CUARTO.- en cuanto al recurso interpuesto por don Augusto sostiene error en la apreciación de la prueba , comparte la Sala el criterio de la juez ad quo de que existe prueba indiciaria bastante para entender enervada la presunción de inocencia del acusado. En primer lugar , que en su domicilio se encuentra por las Fuerzas y Cuerpos de Seguridad del Estado determinados efectos , instrumentos o herramientas previamente sustraídas a las personas que declararon como testigos. Trata , el acusado , de dar una explicación a la presencia de estos objetos afirmando que no eran suyos , que los guardaba a Luis , aunque realmente Luis no había acudido a recuperar tales objetos. El otro coacusado en su declaración , previa en instrucción, afirmaba que vendió estos objetos a Augusto a quien implica en el hecho de conocer la procedencia ilícita de los objetos. Naturalmente que Augusto niega esta circunstancias , pero el coacusado no , lo declara y debe reputarse válida su declaración , por el indicio concurrente de la aparición de los objetos referidos en el domicilio del ahora recurrente. Dice ahora el recurrente que los objetos no tienen características propias que permitan identificarlos como exclusivos. Sí , pero los tenía en su poder y sabía que no eran de procedencia lícita , hasta el punto que él mismo se ofrece a entregarlos a la Guardia Civil. Por qué no defiende su titularidad o propiedad de los mismos.
No se puede predicar error en la valoración de la prueba de la sentencia de instancia , la cual está debidamente fundamentada , en correcta aplicación de la doctrina de prueba indiciaria del Tribunal Supremo , correctamente expuesta y aplicada por la juez ad quo , dando por reproducidos esta Sala tales razonamientos por acertados.
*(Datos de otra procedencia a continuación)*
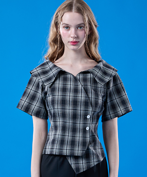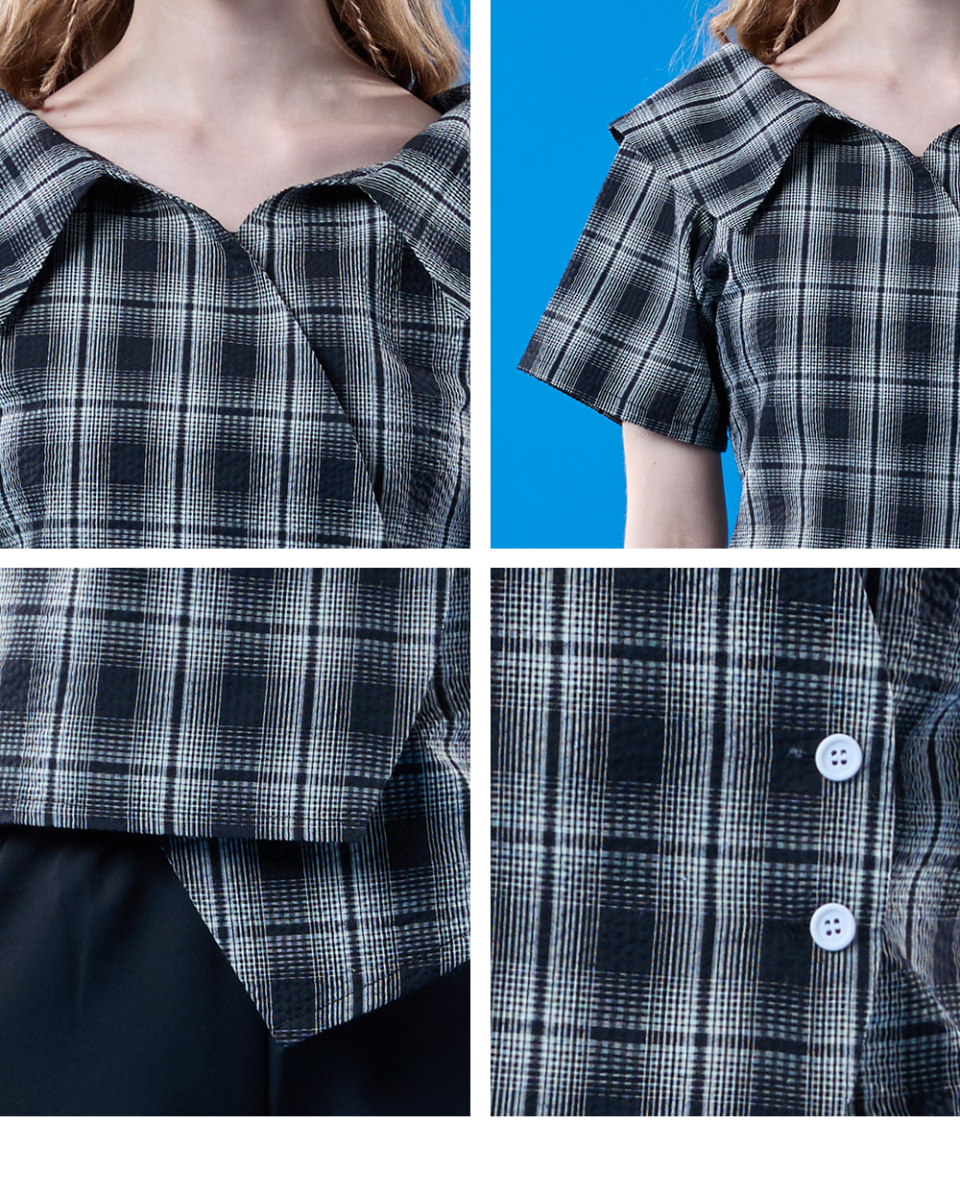 여름 휴양지 랩 오프숄더 체크 쿨링 슬림 반팔셔츠 [BLACK]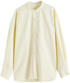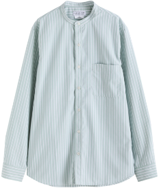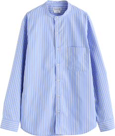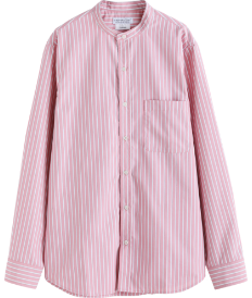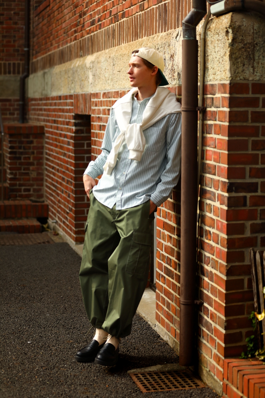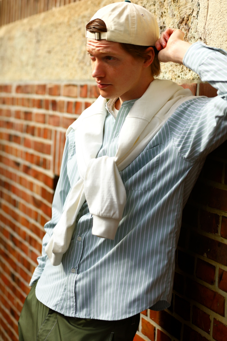 後ろかぶりのキャップや肩掛けスウェットなどでプレッピーな遊び心をプラスして。首元がすっきりと見えるスタンドカラーのシャツなので、レイヤードや肩掛けにも最適な1枚。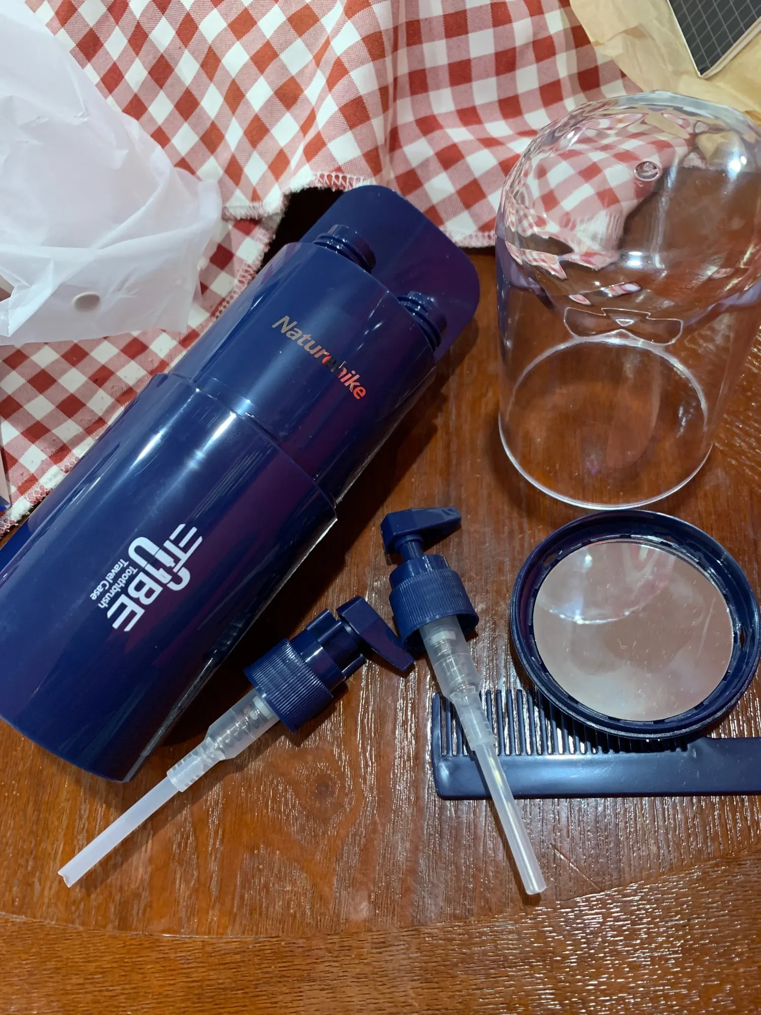 Сначала посылка не уходила с почты месяц, написал продавцу, сказал что там какие то проблемы и отправит набор из 5 предметов вместо 8 и положит подарок, по факту пришло 5 предметов и в качестве подарка полотенце, только чуть большего размера чем в наборе, еле влезло в стакан, стоимость такого полотенца явно не 6$ , в остальном товар хороший.

QUINTO.- Es por todo ello que procede la desestimación de ambos recursos y confirmación de la resolución recurrida con expresa condena del recurrente a las costas causadas en esta alzada.
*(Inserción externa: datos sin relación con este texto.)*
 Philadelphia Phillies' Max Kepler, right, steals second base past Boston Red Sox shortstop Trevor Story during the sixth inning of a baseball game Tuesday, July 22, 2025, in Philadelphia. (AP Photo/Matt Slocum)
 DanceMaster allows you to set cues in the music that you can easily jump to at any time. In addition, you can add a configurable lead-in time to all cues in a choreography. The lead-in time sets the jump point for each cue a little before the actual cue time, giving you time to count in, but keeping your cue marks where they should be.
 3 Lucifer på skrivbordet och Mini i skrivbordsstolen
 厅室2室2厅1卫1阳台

Vistos los artículos citados y demás de general aplicación .
Fallo
: que DESESTIMAMOS el recurso de apelación interpuesto contra la sentencia de 21 de enero de 2006 dictada por el Juzgado de lo Penal número 5 de Las Palmas , la cual se confirma en su integridad con expresa condena del recurrente al pago de las costas procesales causadas.
Devuélvanse los autos originales al Juzgado de procedencia con testimonio de esta resolución para su notificación, ejecución y cumplimiento.
Así por esta nuestra Sentencia lo pronunciamos, mandamos y firmamos.